Remember when President Biden solemnly declared in his inaugural address, “My whole soul is in this: Bringing America together. Uniting our people. And uniting our nation”? It was a lie. Less than two months into his new administration, hope for unity and bipartisanship is dead — and Biden killed it.

White House press secretary Jen Psaki boasted the $1.9 trillion covid-19 stimulus Biden signed into law on Thursday is the “most progressive bill in American history.” But Biden did not campaign on a promise to be the most progressive president in American history. That was Sen. Bernie Sanders’s (I-Vt.) pledge. Biden campaigned on a promise to bring Republicans and Democrats together. He not only failed to do so, he didn’t even try.

Democrats are now trying to redefine what Biden meant by “bipartisanship,” saying that his stimulus is bipartisan because polls show it has support from some Republican voters, if not their elected representatives. Sorry, but that’s not what Biden promised. During the campaign, Biden pledged to work “across the aisle to reach consensus. I did it when I was a senator. … It’s what I will do as your president.” After his election, he declared: “Refusal of Democrats and Republicans to cooperate with one another. It’s not some mysterious force beyond our control. It’s a decision, a choice we make. If we can decide not to cooperate, then we can decide to cooperate.”

Well, on his first major initiative as president, Biden made a decision not to cooperate. Ten Senate Republicans led by Sen. Susan Collins (R-Maine) — enough to give him the 60 votes needed for a bipartisan, filibuster-proof majority — answered his call for cooperation. Biden didn’t even make a pretense of pretending to negotiate. He held one meeting with them and then effectively told them he didn’t need their votes.

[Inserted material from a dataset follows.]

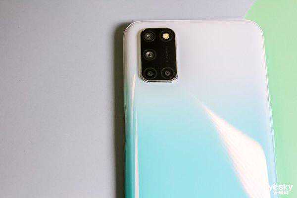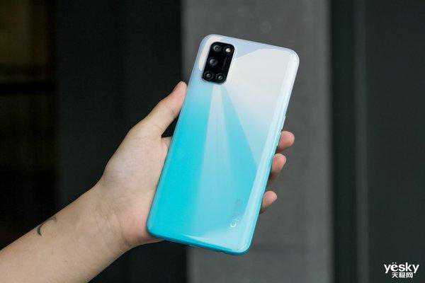 黑色像是沉静的极夜天空,而小编手上的这款星耀白仿佛闪耀的极地星河,轻轻变动手机角度,颜色也会随之改变。后置四摄设计与精心设计的闪光灯一起以“C”形星座阵列排布,几乎与手机长宽比类似的矩形将所有元素包覆其中;经典的简约款OPPOLOGO被安排在右下角。

Why? Because Democrats knew that time was running out to use covid-19 as a pretext for an unprecedented miasma of government spending. Cases are declining across the country. The economy is reviving. We now have three approved vaccines and should have enough doses to vaccinate every American adult by May. That means the pandemic emergency is almost over — and with it, the need for “emergency” action. So Democrats had to act fast if they were going to use the pandemic as a justification for a massive expansion of the welfare state.

This was not about covid-19 relief. Even parts of the bill Democrats claimed were about the pandemic really are not. For example, Biden said the $170 billion for education was necessary to reopen schools. But as Sen. Mitt Romney (R-Utah), one of the 10 Republicans who offered to work with him, pointed out, the Congressional Budget Office found only 4 percent of the money for K-12 schools will be spent this year, and some won’t be spent until 2029. Democrats cynically used the desperation of American parents to get their kids back in school as a ruse to pay off their teachers union allies.

The irony is that Biden not only failed to advance the cause of unity in Washington, but he actually set it back. Until now, every one of the relief bills passed since the pandemic began had been a bipartisan effort. Biden took that exercise and made it partisan. Yet in his address to the nation on the passage of his legislation, Biden had the temerity to say, “beating this virus and getting back to normal depends on national unity.”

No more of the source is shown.